I asked Coutteau for some real-world application examples of what can be done now with GSPEL in the fold. With the directness you’d expect from a military man, he quickly pointed to the vehicle testing capabilities.
“We can now do mission-profile testing,” Coutteau said. “It’s like an automotive drive cycle; this lab allows us to test, in real-world situations, any temperature or setting we want. We can run a test (that would apply to) Afghanistan 365 days a year.
“And if there’s a problem, we’re in a setting where we can understand the root cause of these problems, get them tweaked and re-engage them,” Coutteau continued. “So if soldiers run into an issue and have a problem in Afghanistan, we can replicate that.”
Another feature Reid and Coutteau are excited about is the fuel cell lab.

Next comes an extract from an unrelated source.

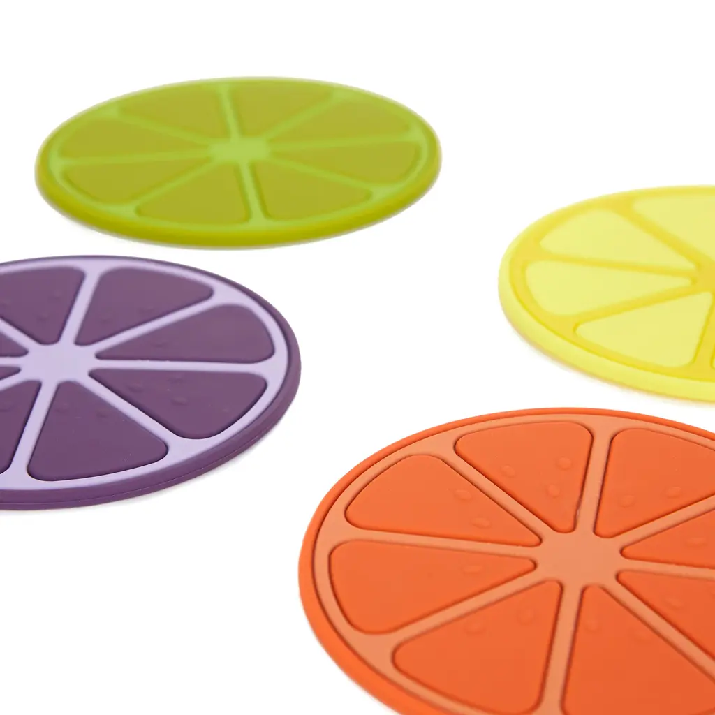 Delight your party guests with this set of coasters disguised as big, juicy slices of fruit. This set of four Fruit Party Coasters—in lime green, orange, lemon yellow and grape purple—is made from silicone, so they’re easy to clean, hygienic and pleasing to the touch. Dishwasher-safe. Each coaster measures 1.4h x 3.5"diam.

As Reid explained it, GSPEL will soon be getting fuel cell reformer technology that will allow the Army to have a totally silent launch. JP-8 fuel, which is the military fuel, will be able to be “re-formed.” This will allow the military to fill up helicopters and tanks from the same supply, something that hadn’t been possible before.
Other features of GSPEL that can soon have very important real-world implications include the Auxiliary Power Unit (APU), which is a way to produce energy without running the main engine. The APU can provide silent power for electronics when a tank is in a position of surveillance.
“We’re looking to make the Abrams tank more fuel efficient,” Coutteau said of one particular Army vehicle. “It spends a lot of time in a holding pattern. It operates at a tactical idle, which is because it’s a turbine. But in some cases, based on the operation, we reduce in a day, a 5,000-gallon tanker.
“So over the course of many days, that’s several tankers fewer that we’re using,” said Coutteau. “Those fuel tankers take up a lot of energy, so we’re reducing our energy consumption right there.”
These APUs can also be used commercially by long-haul truckers to power their cabs overnight.
Reid and Coutteau spoke about some of the other possible benefits of GSPEL, such as now having space to bring in the TARDEC’s robotics team to work at GSPEL, putting them in close collaboration with the other engineers and lab workers. They also said that the lab will employ 125 civilian workers right now, many coming from outside the military.
“When there was a downturn in the economy a few years ago, it was easier to bring people in who were highly qualified, because they wanted the work,” said Coutteau. “We’ve got people here, including some from the automotive industry, who wanted to be here and are excited about what we’re doing.”
What people like Coutteau, Reid and their colleagues at GSPEL hope to do is to make America’s wars a little more efficient, a little easier and, hopefully, cost a lot less money.
Just as the auto industry is learning in Detroit, greener can sometimes really mean better.